Fine-Tuning Llama3 with QAT

Quantization-Aware Training (QAT) is a common technique for users to quantize their models without incurring significant degradations in accuracy or perplexity. In this tutorial, we’ll walk through how to apply QAT during fine-tuning, quantize the resulting model, and evaluate your quantized model using torchtune.

What you will learn

What QAT is and how it helps reduce quantization degradation
How to run QAT during fine-tuning in torchtune
End-to-end example of connecting QAT, quantization, and evaluation recipes

Prerequisites

Be familiar with torchtune
Make sure to install torchtune
Make sure you have downloaded the Llama3-8B model weights

What is QAT?

Quantization-Aware Training (QAT) refers to simulating quantization numerics during training or fine-tuning, with the end goal of ultimately producing a higher quality quantized model compared to simple post-training quantization (PTQ). During QAT, the weights and/or activations are “fake quantized”, meaning they are transformed as if they were being quantized, but kept in the original data type (e.g. bfloat16) without being actually cast to lower bit-widths. Thus, fake quantization allows the model to adjust for quantization noise when updating the weights, hence the training process is “aware” that the model will ultimately be quantized after training.

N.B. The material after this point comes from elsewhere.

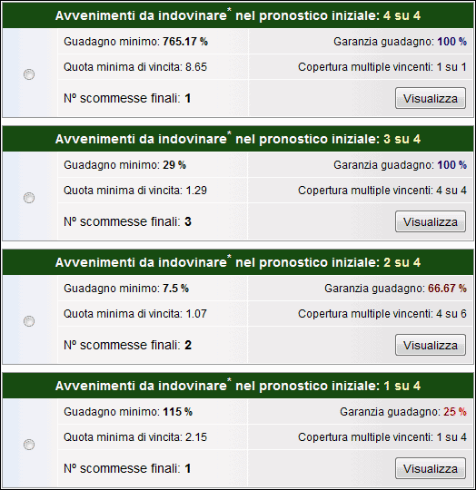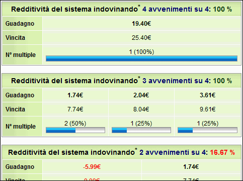 Indovinando 3 avvenimenti su 4 il sistema garantisce al 100 % un guadagno che va da 1.74 euro a 3.61 euro. Indovinando 4 avvenimenti su 4 si vincerebbero 25,40 euro con un guadagno al 100 % di 19,40 euro. Indovinando 2 avvenimenti su 4 si avrebbe solo il 16 % di probabilità di realizzare un guadagno positivo (1,74 euro).

# PTQ: x_q is quantized and cast to int8
# scale and zero point (zp) refer to parameters used to quantize x_float
# qmin and qmax refer to the range of quantized values
x_q = (x_float / scale + zp).round().clamp(qmin, qmax).cast(int8)

# QAT: x_fq is still in float
# Fake quantize simulates the numerics of quantize + dequantize
x_fq = (x_float / scale + zp).round().clamp(qmin, qmax)
x_fq = (x_fq - zp) * scale

QAT typically involves applying a transformation to your model before and after training. For example, in the torchao QAT implementation, these are represented as the prepare() and convert() steps: (1) prepare() inserts fake quantize operations into linear layers, and (2) convert() transforms the fake quantize operations to actual quantize and dequantize operations after training, thereby producing a quantized model (dequantize operations are typically fused with linear after lowering). Between these two steps, training can proceed exactly as before.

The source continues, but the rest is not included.